Earlier Tuesday morning, the ACC announced that the league’s athletics directors have approved an 18-game conference schedule for women’s basketball, beginning with the 2019-20 season – a move that will make it tougher on head coaches but should excite fans and enhance NCAA resumes.
“That’s big news,” Finch said. “Stay tuned.”
Finch noted that athletes at both the professional and collegiate levels have become more involved with social issues, with many making strong personal statements through pregame demonstrations.

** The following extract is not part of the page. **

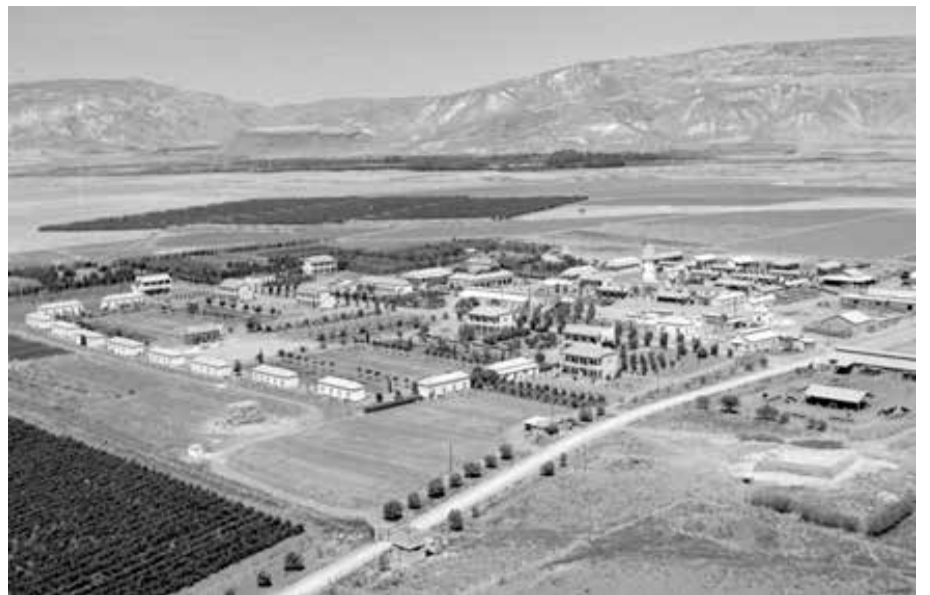
אשדות בראשיתה - מראה כללי

השנה יוענקו מלגות לסטודנטים - ניצן שגב, סטודנטית לתואר PhD באוניברסיטת בן גוריון, החוקרת את השפעת הזיהום הסביבתי על החי והצומח. אמיר לוין, סטודנט לתואר PhD באוניברסיטת תל אביב, החוקר את השפעת ממשק המים והשימושים בקרקע במדבר לחקלאות, על

“The ACC sets policies when it comes to scheduling, officiating, and things of that nature,” Finch said. “But our member institutions determine what their team policies are, what their team rules are. We ask that whatever they determine their policies are, convey them to their student-athletes. As a conference, we are 15 of some of the most academically prestigious institutions in the world. You can’t be the status we are and not have student-athletes who are aware and engaged.”
NC STATE – 9:30 a.m.
With four seniors and 43.5 points per game having graduated from the Wolfpack’s successful 2016-17 season, expect forward Chelsea Nelson to be an even bigger part of the equation in the year ahead. Nelson averaged 11.2 points and six rebounds last year while shooting a team-high .567 from the floor. The 6-foot-2 Nelson was at her best in wins over No. 2 Notre Dame and No. 7 Louisville.
“Each game we learned more about what we could do,” Nelson recalled of a season that produced a top-four ACC finish and an NCAA berth. “Each game we improved, and our confidence sky-rocketed.”
Nelson will join fellow senior Akela Maize this season to provide continued inside scoring and rebounding.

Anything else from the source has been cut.